■ Directions for this task:
Write out exactly every line from the one containing "鬼のパンツをお洗濯♪指先を使って上手に干したよ!" through the final line of the material below, both included. Pictures are to be skipped.

(Entries shown begins)

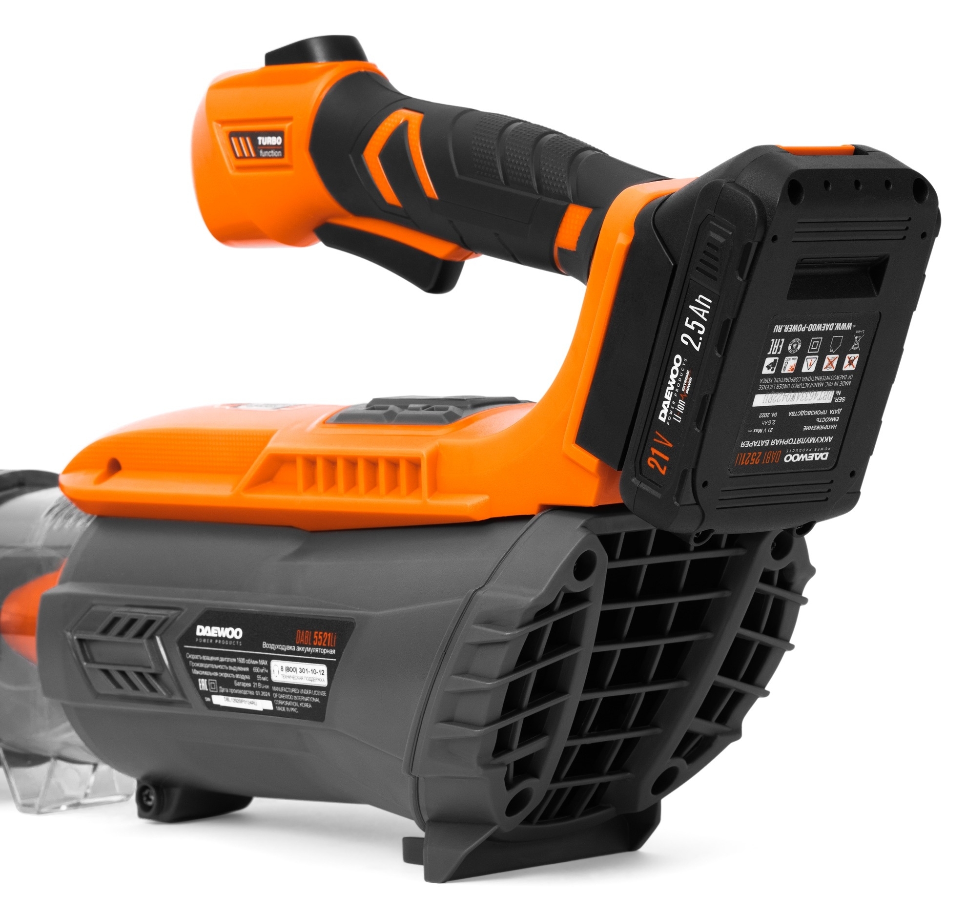 Воздуходувка аккумуляторная DAEWOO / Дэу DABL 5521Li SET для быстрой и простой уборки территории, цвет серый, Li-Ion, 2.5А/ч, 650м³/ч, 44.55м/с / садовая техника
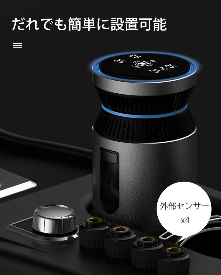 「Car Air Purifier」なら、空気を清浄しながらタイヤの空気圧&温度チェックが可能!
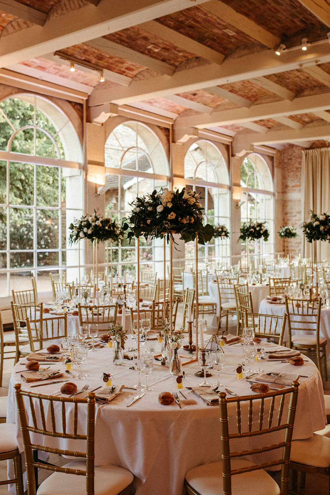 Scénographie: Location de décoration de mariage. Idéale pour donner du volume à votre table, sans gêner la discussion et la vision entre vos convives tout au long du repas; avec un esprit chic et graphique.
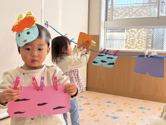 鬼のパンツをお洗濯♪指先を使って上手に干したよ!
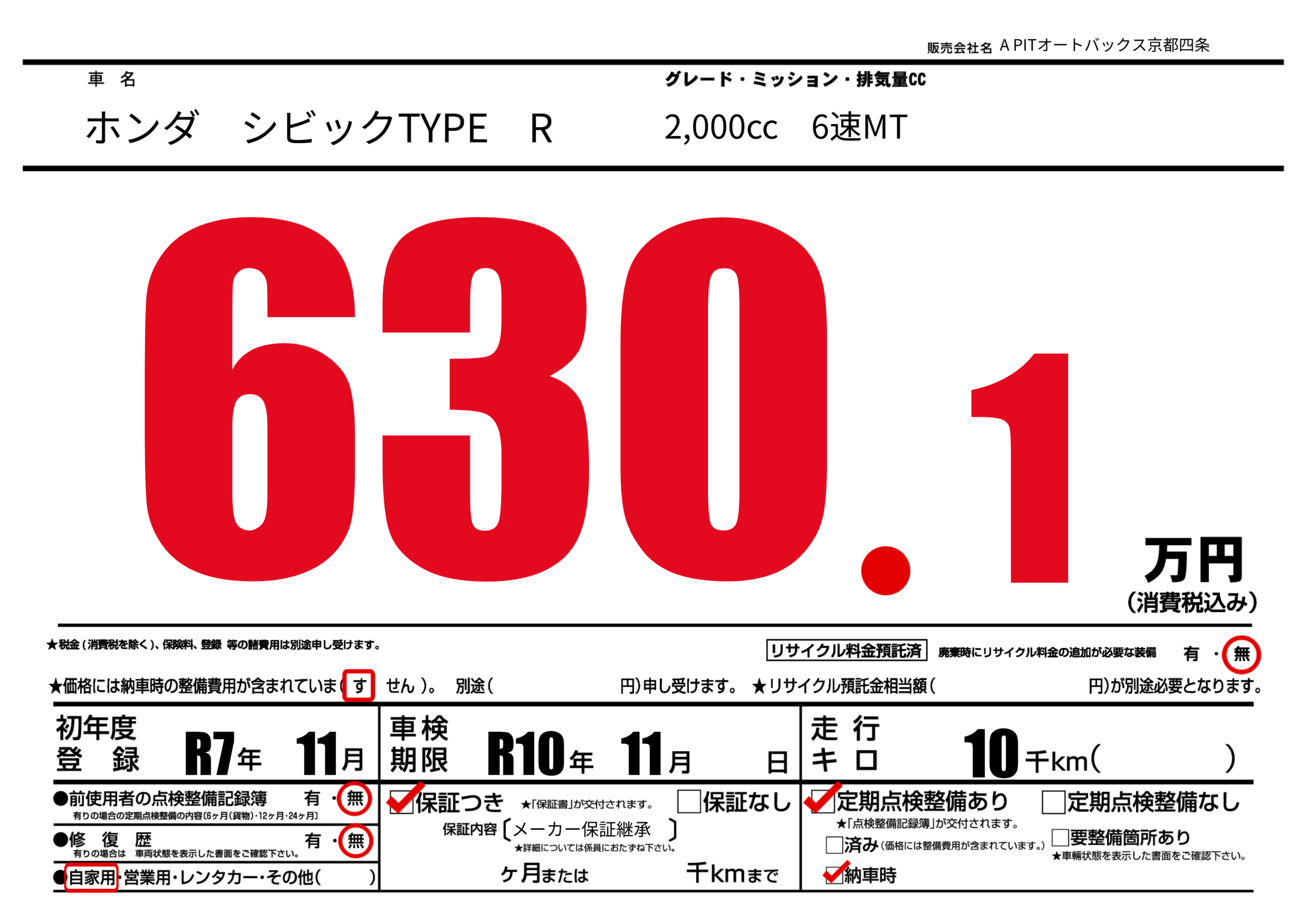 | 車名 | ホンダ シビックTYPE R | グレード ミッション 排気量 |
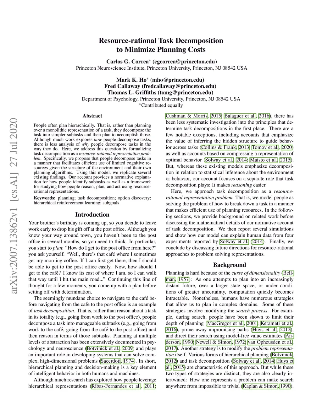 Resource-rational Task Decomposition to Minimize Planning Costs

(Entries shown ends)

■ Response to the exercise:
 鬼のパンツをお洗濯♪指先を使って上手に干したよ!
 | 車名 | ホンダ シビックTYPE R | グレード ミッション 排気量 |
 Resource-rational Task Decomposition to Minimize Planning Costs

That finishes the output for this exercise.